Challenge Journal: Coming in for a landing

So I’ve (well really we’ve) been at this all semester. I’ve written a lot of content, done research, thought about my project in new ways, done some reflection, and now it’s time to come in for a landing. I’m currently struggling with this: how do I wrap up my project in a way that feels satisfying, motivating, and NOT cliche? In my project, I’m dissecting the issue of homelessness, why people don’t help and how people often think negatively about those who hold homeless stereotypes. In exploring this topic, I’ve looked at social psychology, religion, and even broken down the different definitions of homelessness. How do I bring it all together? Do I bring up all of those different topics in my “conclusion?”

One thought is to have a call to action, which is also the way I set up my gateway project. In my gateway e-portfolio I wrote,

“Get involved in organizations or clubs on your college campus. Write. Discover what you truly care about. Volunteer. Get involved in you local community. Fundraise. Do not simply complain about America, politics, inequality. Take the first step. I’m right behind you.”

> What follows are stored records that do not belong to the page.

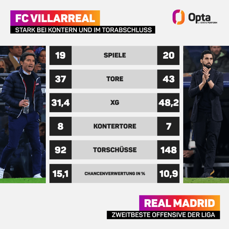 Beim letzten direkten Aufeinandertreffen im Oktober 2025 hatte Real keine allzu großen Schwierigkeiten mit dem Gelben U-Boot. Beim 3:1-Heimerfolg kamen die Blancos auf 26 Schüsse (7 Torschüsse) und dominierten die Partie mit einer Ballbesitzquote von 70 Prozent. Überhaupt lief es in La Liga zuletzt durchaus rund für die Madrilenen. Nur eine ihrer letzten 13 Partien ging verloren (9 Siege, 3 Unentschieden), die letzten vier Ligaspiele wurden bei einem Torverhältnis von 11:2 gar allesamt gewonnen. Abgesehen von den Niederlagen in Albacete und in der Supercopa auf neutralem Boden (Saudi-Arabien) ist man zudem auswärts seit der 0:1-Pleite in der Champions League in Liverpool Anfang November ungeschlagen (5 Siege, 3 Unentschieden). Mit einem Sieg in Villarreal würden die Königlichen zum besten Auswärtsteam der laufenden La-Liga-Saison avancieren (21 Punkte in 10 Spielen).
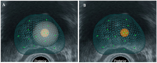 (A) Three-dimensional-mapping of prostate using KOELIS Trinity®. (B) The perilesional target is defined as the site within 10 mm of the region of interest.
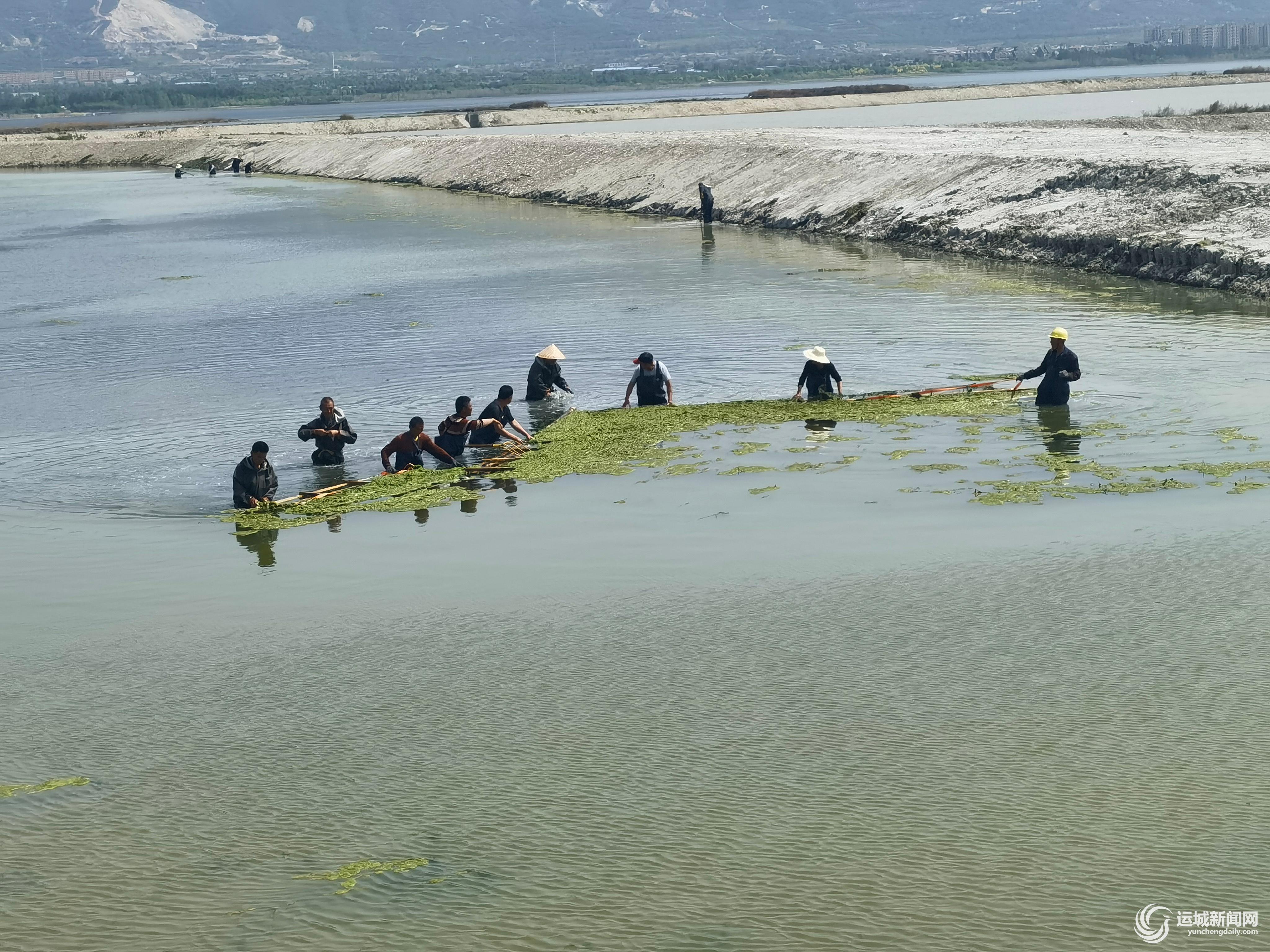 运城晚报讯(记者 李婉玉)连日来,运城市盐保中心积极组织实施“净湖行动”,加快清理运城盐湖湖面的绿藻(下图)。
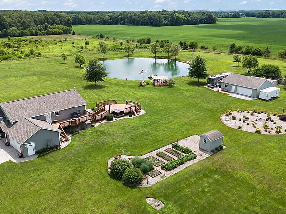 Welcome to your METICULOUSLY cared for bi-level home resting on 10.5 acres!! This beauty offers the perfect blend of comfort and outdoor living!! Step inside to discover the warmth of bamboo flooring throughout the main upper living areas complementing the open-concept main floor. The fully finished lower level has heated floors as well as an included pool table with cue's and pool light as well as a 28 X 14' office/craft space/playroom or it could be divided back into two additional bedrooms.Outside, a massive 2 tiered deck showcasing a NEW HOT TUB and newer GAS GRILL that stay with the property!!! This gorgeous parcel has a stocked pond with a pier, gazebo, WORKING WINDMILL and a firepit!!! For the hobbyist or car enthusiast, a 30 X 40 detached garage with built in storage cabinets and a wood-burning stove awaits you offering additional storage and workshop space. There is plenty of room for storing an RV outside complete with a 30 amp electric for power!!This EXCEPTIONAL property seamlessly blends indoor comfort with outdoor tranquility, providing a rare opportunity for those seeking a peaceful and luxurious retreat. THIS ONE CHECKS ALL THE BOXES!!
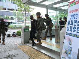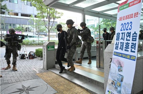 대구광역시 남구청에서는 지난 22일 오후 5시, 도시철도 1호선 교대역에서 테러범의 폭발물 폭파에 의한 화재발생, 테러범 및 화재진압, 주민대피 등 테러 및 화재 대응 훈련을 주제로 한 『2023년 을지연습 실제훈련』을 실시했다고 23일 밝혔다.
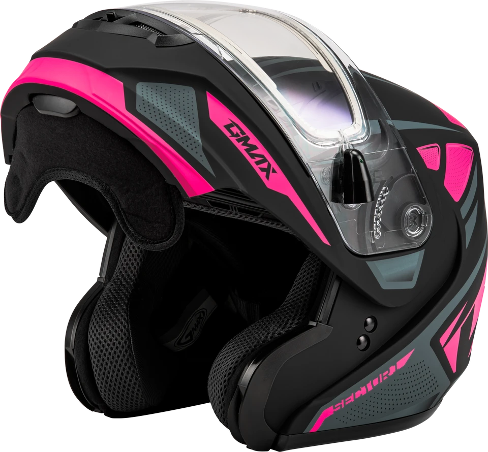 Gmax MD-04 Modular Snow Helmet Sector Matte Black Pink Electric Shield
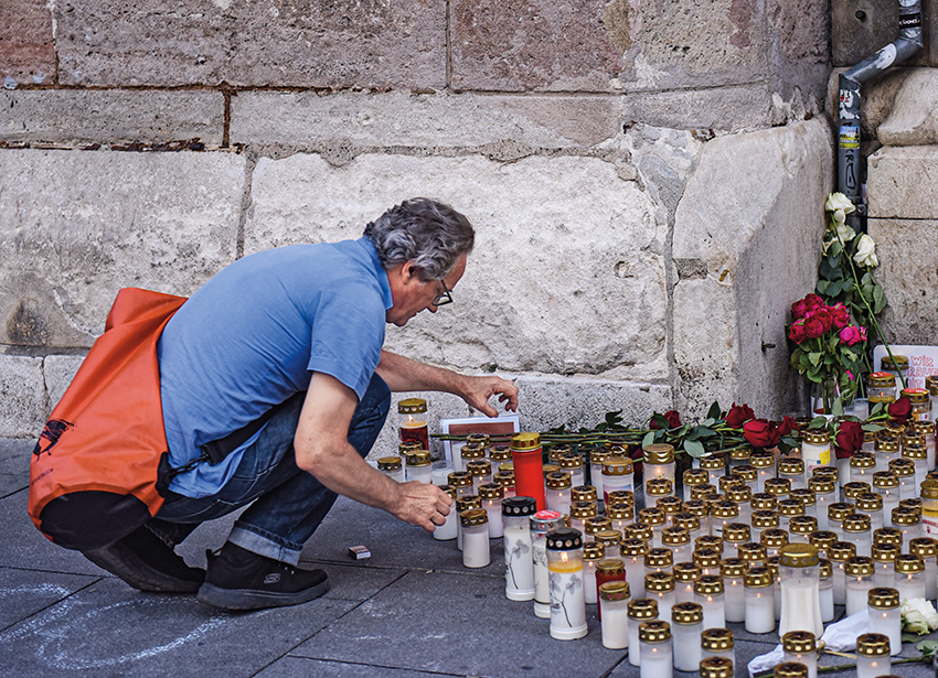 6月11日,在奧地利首都維也納,一名男子在斯蒂芬教堂廣場擺放蠟燭,悼念校園槍擊案遇難者。6月10日上午10時許,奧地利第二大城市格拉茨一所學校發生槍擊事件,導致包括槍手在內的11人死亡
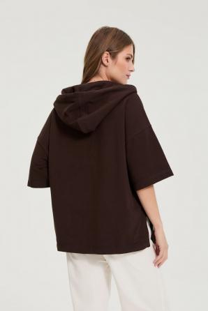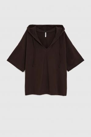 95% BAVLNA, 5% ELASTAN Tato hnědá mikina v sobě spojuje pohodlí a styl pro každodenní outfit. Měkká bavlna je příjemná na dotek, zatímco volný, oversized střih umožňuje volnost pohybu po celý den. Krátké rukávy a výstřih do V dodávají mikině nádech lehkosti, zatímco praktická kapuce vám umožní cítit se sebejistě v každé situaci. Boční rozparky umožňují mikině přirozeně splývat a neomezovat vás v pohybu. Jednoduchá, hladká a nevzorovaná látka dokonale doplňuje moderní minimalistický styl. Tato mikina je ideální do práce, na procházku nebo na neformální setkání s přáteli. Dobře se hodí k džínám, legínám nebo přiléhavé sukni a v chladnějších dnech ji lze zkombinovat s dlouhým kabátem. Ležérní charakter mikiny vám umožní vytvářet stylové a zároveň pohodlné outfity, které každý den zdůrazní váš individuální styl a ženskost.
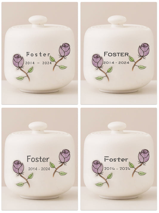 Hand Painted Purple Rose Elegant White Pet Urn Personalized Cat & Dog Pet Urn, Custom Carved Pottery Keepsake Urn
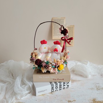 【💍婚禮帶路雞】婚禮習俗裡,新娘要帶著象徵"起家"的雞家族到新的家庭。俗語說『帶路雞新娘好起家』、和丈夫好相處白頭到老,也像雞隻一樣多子多孫,記得把帶路雞放在新娘房4個月又9天,讓幸福好事可以長長久久唷~【🏠入厝帶路雞】傳統習俗裡入厝會準備成對的入厝雞,由主人先領入厝雞進門,將其放置在新家的客廳或新房,並將雞頭朝屋內,寓意把好運帶入屋,且有"起家"(台語)的意思!📏 尺寸:約花籃30x30x30 cm❓ 這個是乾燥花還是永生花?此商品為乾燥花+永生花材製成。(下面有乾燥花和永生花的簡單介紹)🔊 有聲音的咕咕雞們https://youtu.be/-DBkrqiC_qghttps://youtu.be/NzrxG19Ts6Q?feature=sharedhttps://live.staticflickr.com/65535/54043995129_d018aeaaf4_h.jpghttps://live.staticflickr.com/65535/54043724251_b7965d8cfc_h.jpghttps://live.staticflickr.com/65535/54058678967_20e56ce49a_k.jpghttps://live.staticflickr.com/65535/54059887249_c6f454e648_k.jpghttps://live.staticflickr.com/65535/50938085188_8c6362250e_m.jpg⏰ **如何保存** :無須澆水、放置通風處、保持乾燥、可用蜜粉刷、小刷子、吹風機小冷風去除灰塵。 🌹永生花介紹:為鮮花透過甘油和保存液浸泡後,重新染色製成的花朵, 價格昂貴,可保存時間約為3-5年。 🌷乾燥花介紹:大部分為設計師親自至花市挑選新鮮花材自製,以確保乾 燥花最好的品質,可保存時間約1年左右。 🚚 **物流時間** :宅配時間約1~2日、店到店2~3日, **此時間非連假時間❌ 連假、雙11前、雙12前、聖誕節、過年前我們都不保證物流時間🚚 **物流方式** :帶路雞的花籃為易碎商品,不可店到店,店到店不能保證商品運送方式,因此只接受 "宅配" 運送,或 "自取"📆 **工作天數** :每個訂購按鈕的下方皆有標示喔! 每個商品皆有不同的工作天數喔~https://live.staticflickr.com/65535/50938625391_01247a67d2_w.jpghttps://live.staticflickr.com/65535/50938734872_253e698f70_w.jpg❗❗ **急單處理** :如果在基本工作天數以內就算急單,請禮貌私訊可否接單,如果可以接單,急單請務必使用"宅配",也歡迎預約板橋工作室自取喔!❌ 我們不接受下單了才私訊異動製作天數,要異動工作天數,請務必在下單前詢問💌 **免費賀卡** :如想再另外索取賀卡,滿NT.1500可免費贈送一張,樣式請參考https://www.pinkoi.com/product/Ruuf62XX,下單後備註在"給設計師的話"即可。👐 **100%手工製作** :我們都是手工製作每個商品,因此花材葉材、形態...會有些許不同,無法一模一樣,如花材因季節性缺貨,我們將保持色系、結構性為前提,會些許調整整花材內容喔~。📸 **色差** :我們每件作品都是"自然光"下拍攝,已盡量與原色相近,但每台電腦和照片解析度都不同,難免與實品會有些微色差。🚛 **運送狀況** :每一件商品的包裝,我們一定盡最大的努力保護他的完整,如果有掉一點點小葉子、小花、削削...都是正常現象,並不會影響整體作品,如果有運送上的損壞,請第一時間用 "聯絡設計師" 或是 "LINE、FB、IG" 聯絡! 🙏 **萬分感謝** :感謝您看到這裡,如果上述真的有無法接受的,❗❗建議您請勿下單❗❗,再次非常感謝您的喜愛~我們真的很期待可以為您服務喔!【其他平台、特殊客訂】❋ LINE🔎@4870n❋ IG🔎覓朵朵事 followflowers.eilin❋ FB🔎覓朵朵事 Follow Flowers🌹 覓朵朵事有永生花、乾燥花花材,捧花造型多種:韓式捧花、圓形捧花、森林系捧花、自然系捧花、瀑布行捧花...歡迎免費線上選購,有任何問題都可以臉書/IG諮詢,做一束專屬於你的新娘捧花,全台皆可配送,請安心訂購喔!🌹 除了永生捧花、乾燥捧花,我們也提供:求婚戒盒、婚禮胸花、婚禮手腕花、婚禮小物...

While most of this sounds very cliche, the main message that I think I may be able to use in my capstone project is “Take the first step. I’m right behind you.” For my capstone project, I want to ask people to take the first step in fighting the realities and stereotypes of homelessness, but I also want people to keep going. I want them to see that homelessness is not just an issue for the homeless, but for everyone AND it is connected to everything in our lives. How we choose to spend our money, whether we take public transportation or an Uber, whether we send our kids to private or public school, whether we volunteer in our free time or go to an amusement park, whether we choose to live in an urban area or the suburbs—it’s all connected; it all has an effect in how we think about homelessness, how much exposure we get to homelessness, and ultimately how we act towards homeless people.

My call to action may be to recognize this IN OUR OWN LIVES and then ask readers to make smaller changes in to benefit the homeless community/broader society. One reservation is that it is a lot to ask and that it also may be a big jump from talking about homelessness to then asking people to change their lives. I’d of course mention that this is something we’d be doing together. I am pledging to take this on and so should you. Does this sound unique? Does this sound compelling? Does it feel like I’m trying to put a bow on my project?


2 thoughts to “Challenge Journal: Coming in for a landing”

  1. Hi Josh!

    As I’m sitting here in the coffeeshop trying to crank out some work, I’m watching a man in a yellow vest try to sell newspapers to any passerby for Groundcover, an organization working to fight poverty and homelessness in Ann Arbor. I would guess you’ve seen them out/heard of them? I know it’s a bit late in the process, but maybe it would be helpful to speak with one of them. Or even write about what it’s like to watch people pass these people by. Because there’s something morally difficult (in my opinion) to watch the phenomena I’m experiencing at the moment.

    That being said, yes. I definitely think your call to action sounds compelling and unique. Not every paper can provide concrete actions for readers to take. Also, I would say most papers imply that the writer is behind the cause (because they’re writing about it), but I like the approach where you just name it, saying “I’m right behind you.” This is also a better alternative to listing all the things you’ve done, as that could easily be seen as “holier than thou.” So I would definitely proceed with what you’re thinking. I think getting people to change how they lives their lives is incredibly difficult, but leaving readers with the task of having to decide how to best address the issue on their own just adds another barrier.

  2. Hey Josh,

    Honestly man, I think you might have your solution in this blog post.

    You said you’re hesitant to ask people to change their lives. But if you’re trying to present an audience with the harsh realities of homelessness around them, then you’ve already got one foot in the door. I think you might as well bust that door down.

    So yeah, the choice a parent has between public and private school might be a tough subject for you to weigh in on. But I think there’s plenty of room for you to suggest smaller, relatable action. (Totally spitballing, but let’s say someone always buys coffee on the way to work. I think that’s something we take for granted. They could make it at their apartment instead, save up that money, then donate it to help people.)

    I think you could even suggest that they do it gradually. (So at first, maybe they don’t buy that coffee on a Monday. The next week Monday and Tuesday, and so on.)

    And my last word: I think you should tell your audience what you’re doing. That way it shows them you’re doing it together rather than just telling them.